TASK OBJECTIVE — Only the lines below from the one containing "Tato miska není" to the one containing "商品名称:畅畅家纺 2024秋冬新款牛奶绒绣花四件套 芳华-伊莉莎系列 伊莉莎-湖兰" should be repeated, both included and unchanged.

PROVIDED ENTRIES —
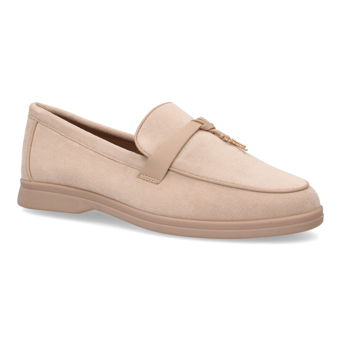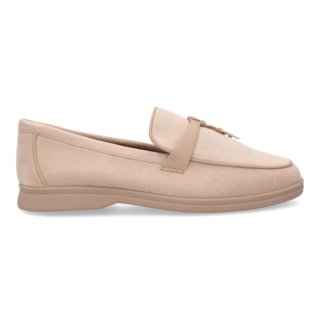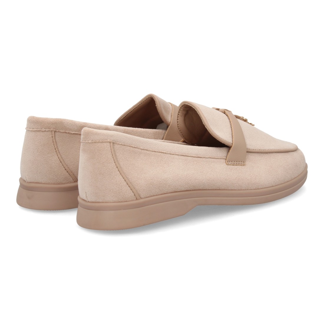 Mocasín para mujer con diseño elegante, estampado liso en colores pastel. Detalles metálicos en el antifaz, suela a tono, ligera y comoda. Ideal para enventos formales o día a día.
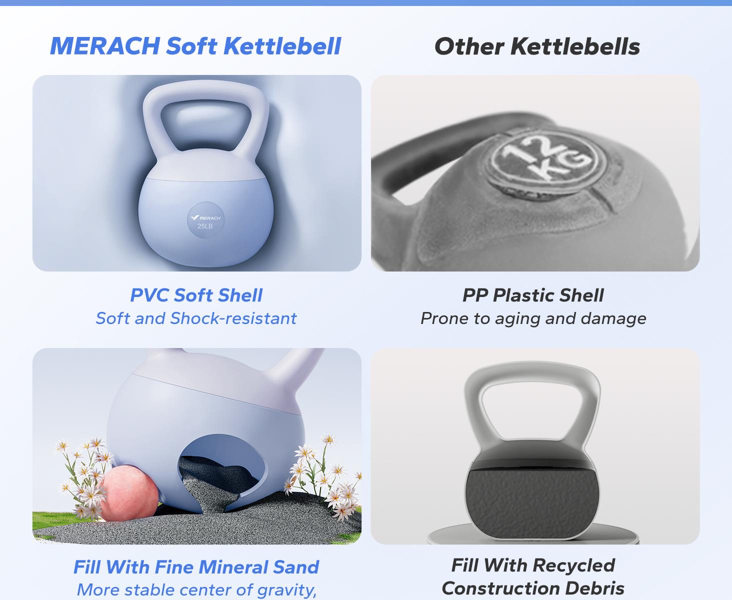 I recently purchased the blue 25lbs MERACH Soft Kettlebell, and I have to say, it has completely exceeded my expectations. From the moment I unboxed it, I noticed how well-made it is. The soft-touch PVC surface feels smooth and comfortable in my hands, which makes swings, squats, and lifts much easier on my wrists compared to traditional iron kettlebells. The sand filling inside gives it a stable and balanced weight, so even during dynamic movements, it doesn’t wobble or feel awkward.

---

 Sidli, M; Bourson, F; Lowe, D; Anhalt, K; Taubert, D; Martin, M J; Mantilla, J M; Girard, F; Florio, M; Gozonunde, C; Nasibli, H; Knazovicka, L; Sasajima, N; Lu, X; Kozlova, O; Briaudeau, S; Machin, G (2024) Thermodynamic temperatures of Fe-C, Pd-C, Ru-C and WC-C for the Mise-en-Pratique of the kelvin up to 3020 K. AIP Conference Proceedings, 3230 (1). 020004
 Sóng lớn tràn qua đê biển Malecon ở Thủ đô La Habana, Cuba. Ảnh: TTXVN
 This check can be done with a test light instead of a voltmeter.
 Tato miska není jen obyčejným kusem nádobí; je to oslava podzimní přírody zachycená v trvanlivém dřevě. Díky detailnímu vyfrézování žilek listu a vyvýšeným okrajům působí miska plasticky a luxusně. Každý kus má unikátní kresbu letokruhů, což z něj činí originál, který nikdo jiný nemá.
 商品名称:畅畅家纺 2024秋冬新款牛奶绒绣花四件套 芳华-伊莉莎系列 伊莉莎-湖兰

OUTPUT FOR THIS TASK —
 Tato miska není jen obyčejným kusem nádobí; je to oslava podzimní přírody zachycená v trvanlivém dřevě. Díky detailnímu vyfrézování žilek listu a vyvýšeným okrajům působí miska plasticky a luxusně. Každý kus má unikátní kresbu letokruhů, což z něj činí originál, který nikdo jiný nemá.
 商品名称:畅畅家纺 2024秋冬新款牛奶绒绣花四件套 芳华-伊莉莎系列 伊莉莎-湖兰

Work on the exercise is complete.